Эта рыжая баржа очень занимала меня, я целый час мог, не отрываясь, смотреть, как она роет тупым носом мутную воду. Пароход тащил ее, точно свинью; ослабевая, буксир хлестал по воде, потом снова натягивался, роняя обильные капли, и дергал баржу за нос. Мне очень хотелось видеть лица людей, зверями сидевших в железной клетке. В Перми, когда их сводили на берег, я пробирался по сходням баржи; мимо меня шли десятки серых человечков, гулко топая ногами, звякая кольцами кандалов, согнувшись под тяжестью котомок; шли женщины и мужчины, старые и молодые, красивые и уродливые, но совсем такие же, как все люди, только иначе одетые и обезображенные бритьем. Конечно, это — разбойники, но бабушка так много говорила хорошего о разбойниках.

Смурый, более других похожий на свирепого разбойника, угрюмо поглядывая на баржу, ворчал:

— Избави боже такой судьбины!

Как-то раз я спросил его:

— Почему это — вы стряпаете, а другие убивают, грабят?

— Я не стряпаю, а готовлю, стряпают — бабы, — сказал он, усмехаясь; подумав, прибавил: — Разница меж людями — в глупости. Один — умнее, другой — меньше, третийсовсем дурак. А чтобы поумнеть, надо читать правильные книги, черную магию и что там еще? Все книги надо читать, тогда найдешь правильные…

Он постоянно внушал мне:

— Ты — читай! Не поймешь книгу — семь раз прочитай, семь не поймешь — прочитай двенадцать

Со всеми на пароходе, не исключая и молчаливого буфетчика, Смурый говорил отрывисто, брезгливо распуская нижнюю губу, ощетинив усы, — точно камнями швырял в людей. Ко мне он относился мягко и внимательно, но в этом внимании было что-то немножко пугавшее меня; иногда повар казался мне полуумным, как сестра бабушки.

Иногда он говорил мне:

— Подожди читать

И долго лежит, закрыв глаза, посапывая носом; колышется его большой живот, шевелятся сложенные на груди, точно у покойника, обожженные волосатые пальцы рук, — вяжут невидимыми спицами невидимый чулок.

И вдруг начнет ворчать:

— Да. Вот тебе — разум, иди и живи! А разума скупо дано и не ровно. Коли бы все были одинаково разумны, а то — нет… Один — понимает, другой — не понимает, и есть такие, что вовсе уж не хотят понять, на!
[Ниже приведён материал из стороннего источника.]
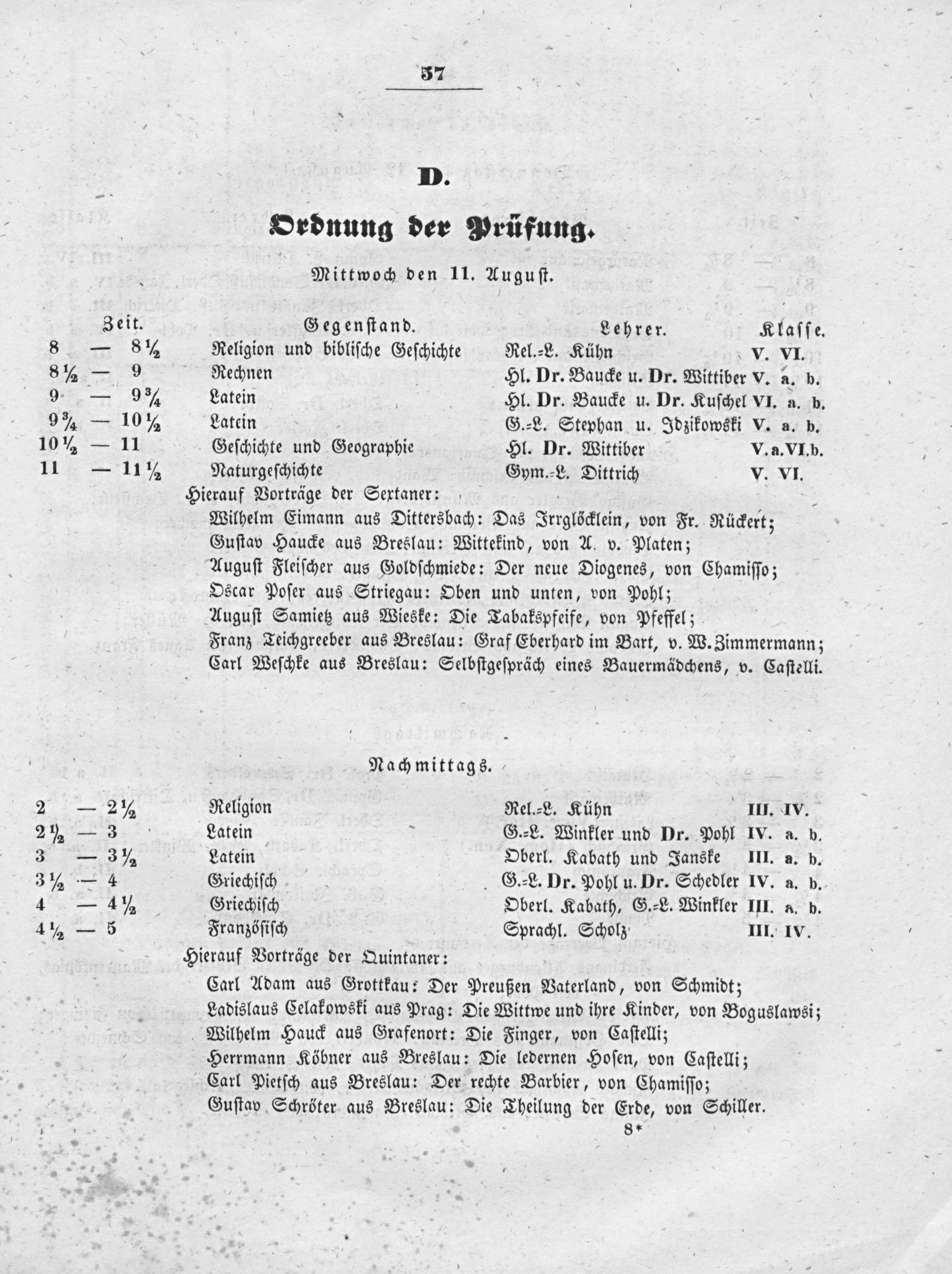 Wilhelm Eimann aus Dittersbach: Das Irrglöcklein, von Fr. Rückert; Guſtav Haucke aus Breslau: Wittekind, von A. v. Platen;

Спотыкаясь на словах, он рассказывал истории из своей солдатской жизни, — смысла этих историй я не мог уловить, они казались мне неинтересными, да и рассказывал он не с начала, а что на память приходило.

— Призывает того солдата полковой командир, спрашивает: «Что тебе говорил поручик?» Так он отвечает всё, как было, — солдат обязан отвечать правду. А поручик посмотрел на него, как на стену, и отвернулся, опустил голову. Да…

Повар сердится, дышит дымом и ворчит:

— Разве же я знаю, что можно говорить, чего нельзя? Тогда поручика засудили в крепость, а матушка его говорит… а, боже мой! Я же не ученый ничему…

Жарко. Всё вокруг тихонько трясется, гудит, за железной стенкой каюты плещет водой и бухает колесо парохода, мимо иллюминатора широкой полосой течет река, вдали видна полоска лугового берега, маячат деревья. Слух привык ко всем звукам, — кажется, что вокруг тихо, хотя на носу парохода матрос заунывно воет:

— Се-емь, се-емь…

Не хочется принимать участие ни в чем, не хочется слушать, работать, только бы сидеть где-либо в тени, где нет жирного, горячего запаха кухни, сидеть и смотреть полусонно, как скользит по воде эта тихонькая, устоявшаяся жизнь.

— Читай! — сердито приказывает повар.

Его боятся даже классные официанты, да и смиренный, скупой на слова буфетчик, похожий на судака, тоже, видимо, боится Смурого.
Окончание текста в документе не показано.